For someone who wants to try the monogamous life I am not doing so well.
Things are stable with Prof, there are a number of holiday things planned and we will see each other a lot before he flies out. It is weird. We are both nervous of impinging on each other's time. I don't message him much. We are pretty separate in most ways. The sex has improved a bit though. He knows I am dating and is picking up his game as much as he can.
Jay. Spiritual, calm, much happier than he has been. He said he was glad I had changed my mind about dumping him. I said he is still dumped in my mind. we meet, talk and fuck. He is not scheduled per se, although Thursdays does seem to be becoming regular. I asked him to shift to Friday this week as I was so exhausted, he actually left a party of smug marrieds ( his words ) to come fuck me
The sex is really good. He is fit and in-shape and likes to make me cum.
But there are no activities and little communication outside of scheduling.
Mr Dom! Such NRE fun. Texting and phonecalls throughout the day. He rented a hotel room last night. I must admit I have been spoiled by Prof with the boutique, eye-wateringly expensive hotels, but we only had 4 hours and made the most out of it. Fuck, serve, talk, fuck, serve, talk, lots of laughing.

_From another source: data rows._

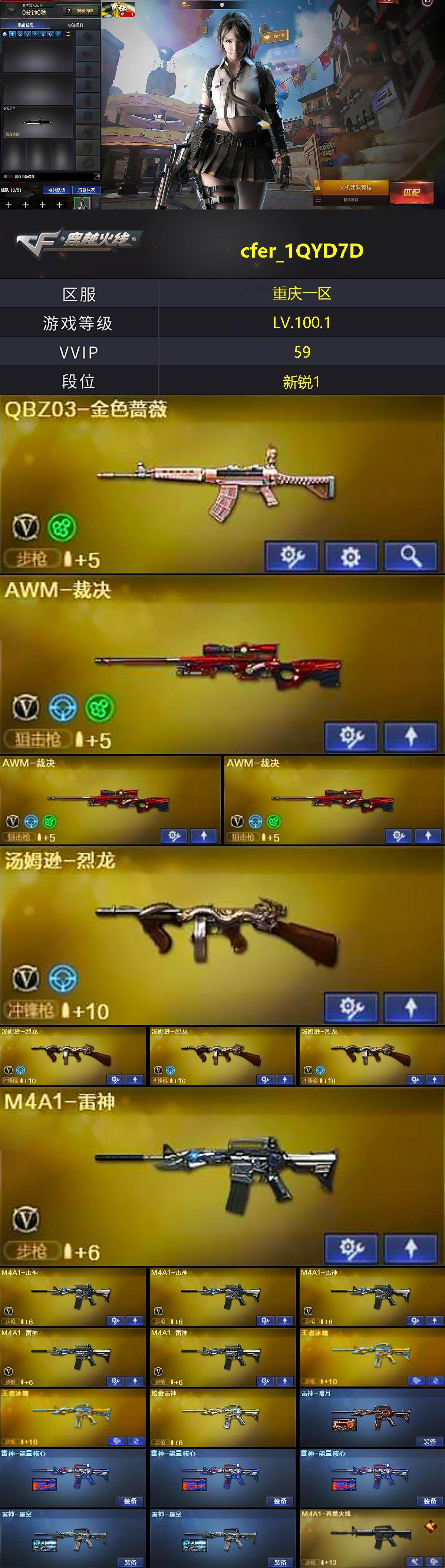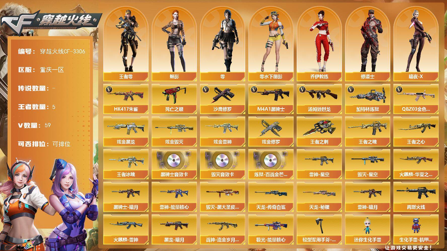 [13625912]重庆一区-59V-5王者-4炫金 【热门武器】:QBZ03-金色蔷薇,HK417-朱雀,死亡之眼,M4A1-黑骑士,汤姆逊-烈龙*4,加特林-炼狱*2,沙鹰-修罗 【王者炫金武器】:王者冰魄,王者之魄,王者之心,王者之刺,炫金黑龙,炫金雷神,炫金毁灭,炫金修罗 【音效卡】:M4A1-黑骑士音效卡,Barrett-毁灭音效卡,炼狱-百战金芒-庆典舞曲音效卡 【皮肤】:雷神-暗月,雷神-能量核心*3,雷神-星空*2,M4A1-再燃火线,火麒麟-雷神,火麒麟-华夏之心,毁灭-星空,毁灭-黑大圣皮肤,黑龙-暗月*2,黑骑士-暗月,战神-流金岁月皮肤,天龙-秘银,AWM-天龙-传奇白鲨,极光-能量核心,轻型军用手斧-再燃火线 【角色】:零,魅影,王者-零,乔伊教练,修道士,暗夜-X,北极狐-X,初恋灵狐,风暴女,零-水下丽影,灵狐者-X,龙儿,潘多拉-X,雪莉杨,影武者-X 【人偶武器】:迷你生化手雷*2,生化手雷-机甲核心,闪光弹-小乔 【暴走生化】:死亡之眼 【挑战大师】:激光毁灭者III 【英雄级武器】:AK47-火麒麟*3,M4A1-黑龙,M4A1-雷神*6,M4A1-黑骑士,M4A1-死神,AK47-黑武士,M4A1-武圣,AK47-机械迷城,AK47-黑鲨,M4A1-龙血,HK417-朱雀,M4A1-玫瑰精灵,QBZ03-金色蔷薇,AK47-B-战神,AWM-天龙,Barrett-毁灭*8,AWM-裁决*3,Barrett-金色蔷薇*2,加特林-炼狱*2,汤姆逊-烈龙*4,沙鹰-修罗,沙鹰-天神*2,屠龙,龙啸*2,擎天,麒麟刺*2,麒麟刺-百战金芒 【道具】:云山科技背包,冰冰企鹅背包-猛男专用,百战金芒炫彩背包,超级背包,女皇终结者-魔龙之吻,救世主-黑桃战神,绿色巨人,灵魂忍者,变异宝贝,迷雾幽灵,生化弹匣*2,夺命之镰,防化服*3,语音特效-盛典烟火,萌萌小葵表情,C4-红龙,防弹头盔*7,防弹衣*6,C4工具钳*4,手雷包*3 【特殊枪械】:1黑骑士,4烈龙,2炼狱
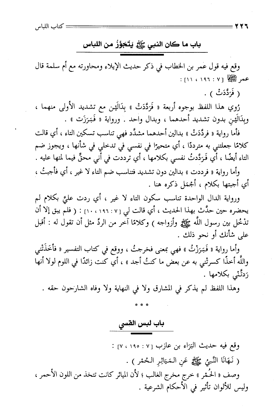 وقع فيه قول عمر بن الخطاب في ذكر حديث الإيلاء ومحاورته مع أم سلمة قال عمر - رضي الله عنه -[7: 196، 11]:
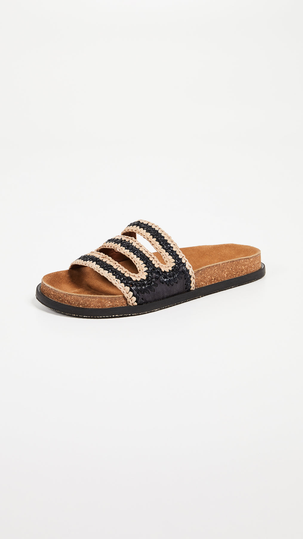 These leather slip-on sandals are the Crete footbed flats from Free People shoes in black. Molded cork footbed and braided woven raffia & nubuck on the upper with cut-outs these easy slip-on wear slides have an open toe silhouette and leather lining, the two-tone woven straps enhance

He has met a few other potential subs but did send a jealousy tinged text today. I told him that he has only been single for a week and already has one willing sub plus a couple of potentials.

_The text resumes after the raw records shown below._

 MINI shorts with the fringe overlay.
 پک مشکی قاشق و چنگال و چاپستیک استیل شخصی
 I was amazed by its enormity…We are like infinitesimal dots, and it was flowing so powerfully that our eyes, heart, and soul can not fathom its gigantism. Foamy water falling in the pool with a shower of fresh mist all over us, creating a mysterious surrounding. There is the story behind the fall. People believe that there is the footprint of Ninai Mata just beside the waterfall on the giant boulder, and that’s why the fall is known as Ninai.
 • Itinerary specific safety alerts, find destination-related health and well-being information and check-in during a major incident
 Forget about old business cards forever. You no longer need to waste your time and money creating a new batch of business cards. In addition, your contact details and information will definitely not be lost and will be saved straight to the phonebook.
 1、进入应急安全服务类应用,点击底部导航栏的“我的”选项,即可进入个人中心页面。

We talked about me and my monogamy dream. He suggested breaking up with everyone and starting with a clean slate (but not to really break up with him, haha ) He asked how I thought I was going to work with the restrictions of monogamy, both the being told how to behave and telling someone else how to behave.

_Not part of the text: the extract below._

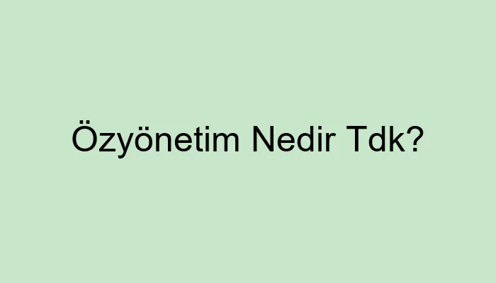 Özyönetim Nedir Tdk?
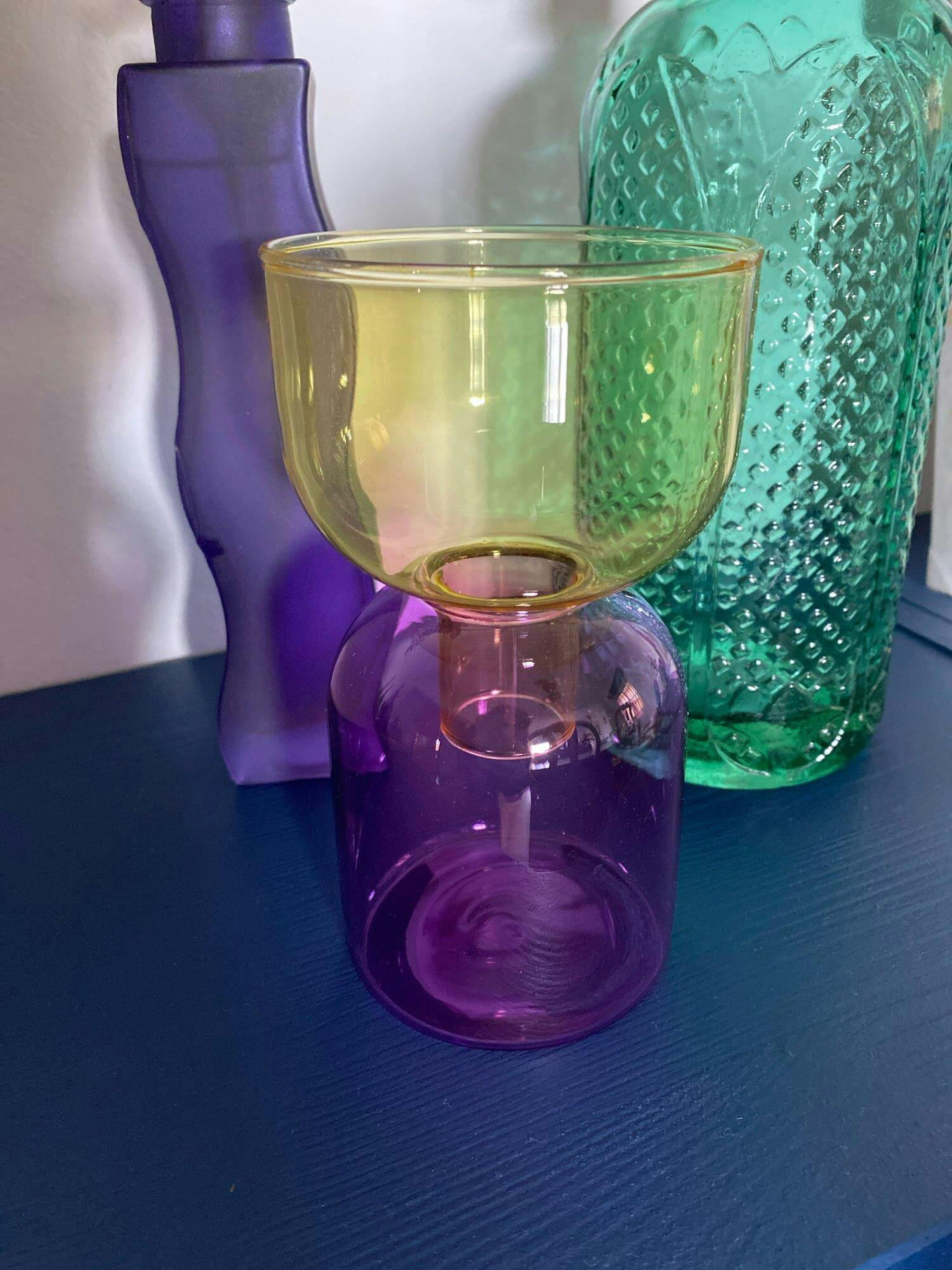 Customize your ambiance with our Colorful Glass Vase/Candle Holder, where you can mix and match the base and top parts to create your perfect combination.

All three of these men were madly in love when they got married. They had a number of great/good years before the decline set in. My ex married me because he saw a sucker with a pay check. I want someone to think I am awesomesauce. I don't want to deal with jealousy and oh dear. Those things don't necessarily go away because you are one-to-one.
It's like scuba diving. I really want to try, tropical ocean, fish, great. It won't ever take it up as a hobby though. but I do want to experience a few times in my life. I want the relationship model where people are madly in love and only have sex with each other. No other people in the picture flinging drama around.
Deep down though, it has the same appeal as scuba diving. Give it a go but I don't think it is really something I want long term. I am enjoying the relationships that I am in. Prof is smart, attractive and very into doing silly stuff with me, great with the kids. the rest is "whatever" for now. Jay is very different, smart, attractive but slower paced, less intense, he slows me down and then fucks me hard. Mr Dom, is smart, attractive and meets my need for communication, he loves to talk and the power exchange is going well and also enjoy kinky sex and BD play.